# Materials provided
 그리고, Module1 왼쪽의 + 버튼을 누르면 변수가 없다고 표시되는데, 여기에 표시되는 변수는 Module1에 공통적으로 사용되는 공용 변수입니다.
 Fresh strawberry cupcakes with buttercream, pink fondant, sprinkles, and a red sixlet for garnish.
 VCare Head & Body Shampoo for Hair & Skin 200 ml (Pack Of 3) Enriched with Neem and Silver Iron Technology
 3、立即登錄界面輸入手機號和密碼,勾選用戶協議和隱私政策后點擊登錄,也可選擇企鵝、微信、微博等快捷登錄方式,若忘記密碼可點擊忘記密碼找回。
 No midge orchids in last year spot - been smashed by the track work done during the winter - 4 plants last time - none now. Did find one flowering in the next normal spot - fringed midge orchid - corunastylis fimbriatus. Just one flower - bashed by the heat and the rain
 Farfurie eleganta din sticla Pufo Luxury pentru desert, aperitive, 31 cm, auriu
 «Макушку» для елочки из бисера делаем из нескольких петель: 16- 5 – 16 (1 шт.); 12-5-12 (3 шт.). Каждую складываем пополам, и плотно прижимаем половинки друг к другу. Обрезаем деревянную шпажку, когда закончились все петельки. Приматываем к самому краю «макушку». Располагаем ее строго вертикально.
--
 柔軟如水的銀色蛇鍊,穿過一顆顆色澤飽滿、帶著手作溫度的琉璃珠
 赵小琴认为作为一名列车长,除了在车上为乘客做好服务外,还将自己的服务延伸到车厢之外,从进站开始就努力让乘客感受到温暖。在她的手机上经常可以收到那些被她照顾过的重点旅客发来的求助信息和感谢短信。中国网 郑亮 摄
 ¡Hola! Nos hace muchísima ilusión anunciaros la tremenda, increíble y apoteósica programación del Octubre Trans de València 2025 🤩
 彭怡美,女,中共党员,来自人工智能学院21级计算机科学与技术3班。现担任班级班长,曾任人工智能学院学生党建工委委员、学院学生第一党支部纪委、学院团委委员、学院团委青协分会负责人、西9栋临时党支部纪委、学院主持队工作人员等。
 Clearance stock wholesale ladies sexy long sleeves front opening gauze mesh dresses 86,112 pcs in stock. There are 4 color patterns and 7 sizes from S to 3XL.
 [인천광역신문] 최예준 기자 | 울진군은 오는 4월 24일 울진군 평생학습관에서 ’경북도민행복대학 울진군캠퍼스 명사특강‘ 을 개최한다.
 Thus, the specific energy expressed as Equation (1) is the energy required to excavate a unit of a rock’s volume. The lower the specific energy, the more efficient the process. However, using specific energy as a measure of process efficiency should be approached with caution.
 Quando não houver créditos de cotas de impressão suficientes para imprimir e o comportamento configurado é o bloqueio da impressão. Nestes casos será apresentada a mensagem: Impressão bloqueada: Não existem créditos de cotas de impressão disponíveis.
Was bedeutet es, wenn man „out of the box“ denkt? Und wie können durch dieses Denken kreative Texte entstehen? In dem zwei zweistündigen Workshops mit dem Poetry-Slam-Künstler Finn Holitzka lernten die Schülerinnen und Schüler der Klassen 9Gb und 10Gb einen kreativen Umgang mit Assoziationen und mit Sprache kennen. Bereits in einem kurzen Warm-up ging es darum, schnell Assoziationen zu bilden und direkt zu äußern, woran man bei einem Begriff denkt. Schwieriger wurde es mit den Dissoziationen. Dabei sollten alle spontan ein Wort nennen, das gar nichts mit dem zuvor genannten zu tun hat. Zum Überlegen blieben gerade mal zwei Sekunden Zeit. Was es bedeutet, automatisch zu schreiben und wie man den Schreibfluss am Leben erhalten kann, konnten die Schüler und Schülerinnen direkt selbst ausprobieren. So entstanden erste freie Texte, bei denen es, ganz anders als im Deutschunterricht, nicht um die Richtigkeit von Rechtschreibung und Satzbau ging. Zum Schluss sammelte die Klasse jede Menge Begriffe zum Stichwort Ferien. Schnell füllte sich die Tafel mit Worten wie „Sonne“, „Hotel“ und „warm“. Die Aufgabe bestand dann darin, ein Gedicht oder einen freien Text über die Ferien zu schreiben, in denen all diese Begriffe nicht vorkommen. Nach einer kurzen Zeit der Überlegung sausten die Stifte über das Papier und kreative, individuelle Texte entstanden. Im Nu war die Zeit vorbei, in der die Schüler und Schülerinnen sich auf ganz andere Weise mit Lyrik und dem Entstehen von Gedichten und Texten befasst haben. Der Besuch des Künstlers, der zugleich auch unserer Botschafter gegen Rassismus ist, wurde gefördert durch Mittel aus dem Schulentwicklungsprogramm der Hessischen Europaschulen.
* * *
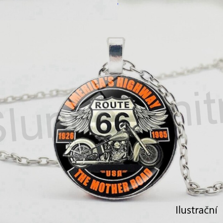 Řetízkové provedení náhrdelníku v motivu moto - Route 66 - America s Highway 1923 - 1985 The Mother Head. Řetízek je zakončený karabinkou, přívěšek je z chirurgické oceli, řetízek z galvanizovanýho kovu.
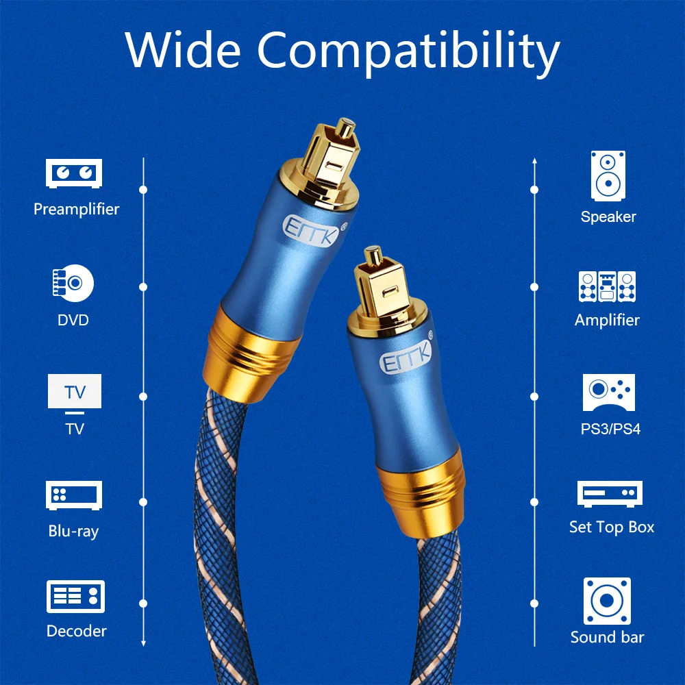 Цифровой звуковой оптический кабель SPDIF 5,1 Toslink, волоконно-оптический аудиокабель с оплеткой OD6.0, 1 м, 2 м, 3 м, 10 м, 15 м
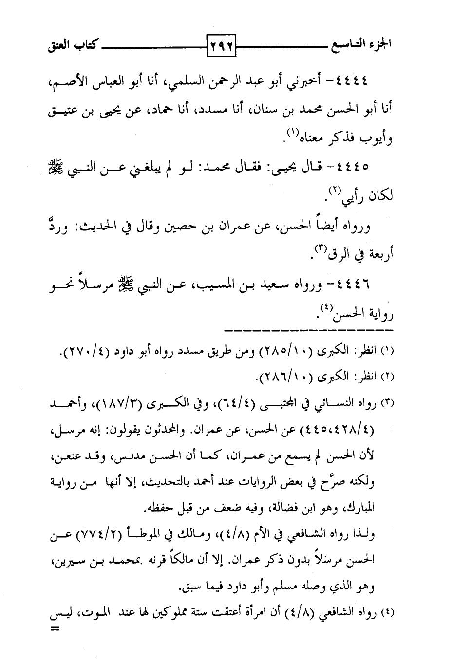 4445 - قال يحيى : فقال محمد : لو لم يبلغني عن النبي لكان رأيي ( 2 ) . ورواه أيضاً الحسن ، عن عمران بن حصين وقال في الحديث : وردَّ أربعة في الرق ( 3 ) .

# Work request
Restate word for word every line from the one with "Цифровой звуковой оптический" up to and including the one with "4445 - قال يحيى" in the records above, minus the pictures.

# Exercise result
 Цифровой звуковой оптический кабель SPDIF 5,1 Toslink, волоконно-оптический аудиокабель с оплеткой OD6.0, 1 м, 2 м, 3 м, 10 м, 15 м
 4445 - قال يحيى : فقال محمد : لو لم يبلغني عن النبي لكان رأيي ( 2 ) . ورواه أيضاً الحسن ، عن عمران بن حصين وقال في الحديث : وردَّ أربعة في الرق ( 3 ) .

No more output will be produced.